Instructions:       45160 to 49793 (+10%)
Cycles:             659247 to 641681 (-2%)
Mutex waits:        282551 to 0 (-100%)
Mutex locks:        18272 to 11 (-99%)
Total time (in ms): 56722 to 58101 (+2%)

Tests:

Passes all emulations that current master passes
Passes all regression tests (more than master)
Passes all boost compute tests that master passes (actual test on real hardware)

To be fixed:

3-element vector
A few TODOs
A few CTS regressions
Move unrelated changes directly to master

clpeak results:

Platform: OpenCL for the Raspberry Pi VideoCore IV GPU
  Device: VideoCore IV GPU
    Driver version  : 0.4 (Linux ARM)
    Compute units   : 1
    Clock frequency : 300 MHz

    Global memory bandwidth (GBPS)
      float   : 0.07
      float2  : 0.12
      float4  : 0.22
      float8  : 0.35
      float16 : 0.51

    Single-precision compute (GFLOPS)
      float   : 0.26
      float2  : 0.74
      float4  : 1.68
      float8  : 2.83
      float16 : 4.53

    Transfer bandwidth (GBPS)
      enqueueWriteBuffer         : 1.13
      enqueueReadBuffer          : 0.18
      enqueueMapBuffer(for read) : 5036.31
        memcpy from mapped ptr   : 0.18
      enqueueUnmap(after write)  : 4511.52
        memcpy to mapped ptr     : 0.82

Compared to the last results (from Nov. 2017), this is:

~ 25% higher throughput for single-precision compute test
~ 20% higher throughput for memory bandwidth test
~ 80% higher throughput for transfer bandwidth test (although this may be unrelated)

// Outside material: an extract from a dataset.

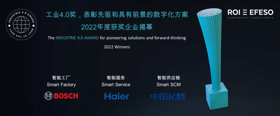 过去一年,全球增长减速,疫情阴霾考验着制造业的耐力,保持现状似乎都成了奢望。尽管困难重重,仍旧有一些勇敢者热情依旧,默默借助工业4.0逆流而上,成绩斐然。近期,勇于探索中佼佼者浮出水面。2022年12月1日,欧洲知名管理咨询集团瑞欧盈-埃非索颁发2022年度工业4.0中国奖,获奖的企业及其奖项为:海尔-智能服务奖项,博世华域-智能工厂奖项,飞鹤-智能供应链奖项。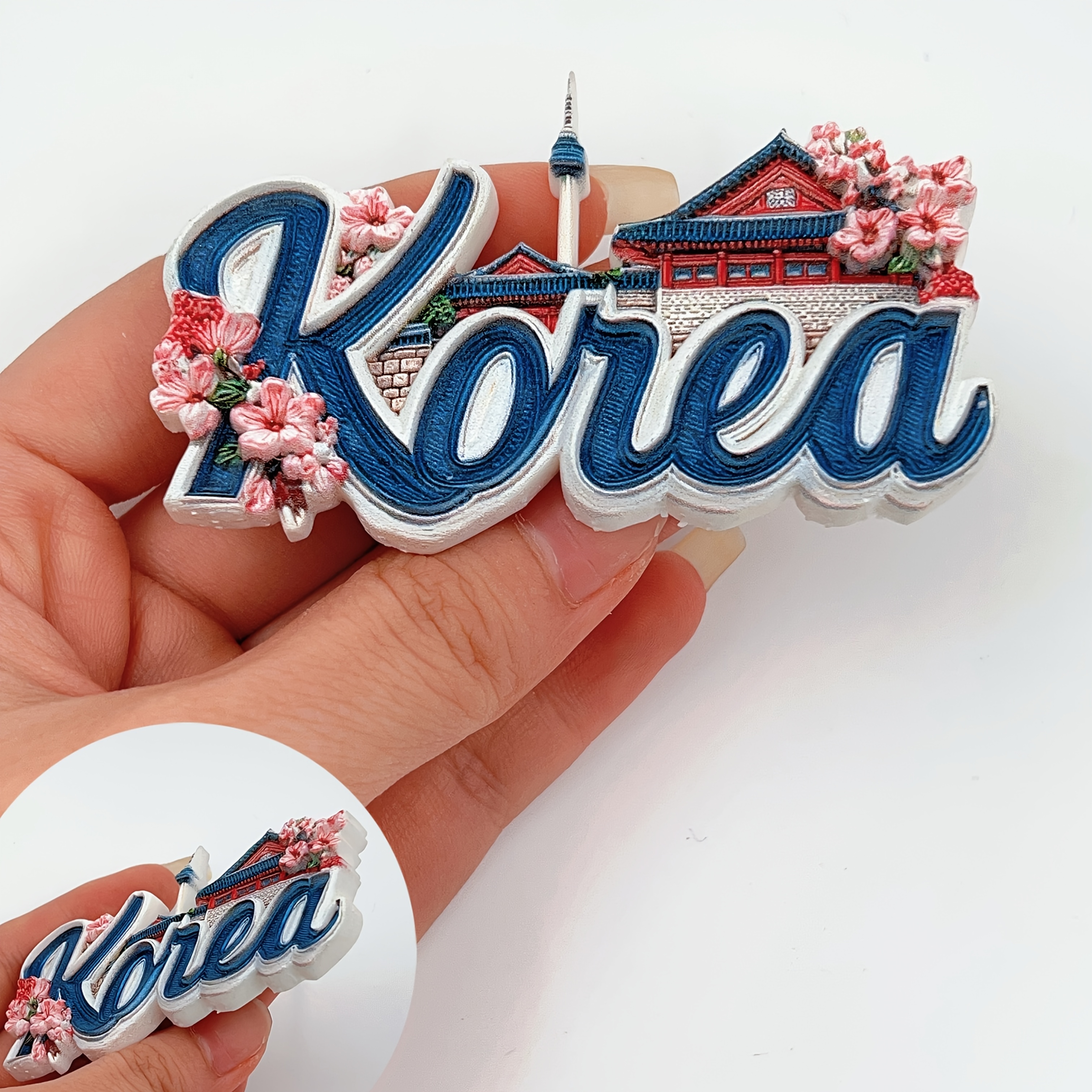 TEMU 1개 한국 알파벳 냉장고 자석 - 한국에 오신 것을 환영 3D 레진 3D 자석 장식 (한국어 텍스트, 한국 건축 & 벚꽃 포함) - 튼튼한 PVC 주방 장식

* dumps layout of used VPM per kernel * rewrites Emulator to handle VPM configuration per QPU * fixes bug in eliminaion of bit operations * fixes bug mapping IR operations to machine code * fixed bug mapping volatile parameters to read-only parameters * Emulator now tracks TMU read per TMU See #113

Memory access is now mapped in following steps: * Determine prefered and fall-back lowering type per memory area * Check whether lowering type can be applied, reserve resources * Map all memory access to specified lowering level Also disables combining of VPM/DMA writes/reads for now. See #113 Effects (test-emulator, last 2 commits): Instructions: 45160 to 45779 (+1%) Cycles: 659247 to 661193 (+0.2%) Mutex waits: 282551 to 281459 (-0.3%)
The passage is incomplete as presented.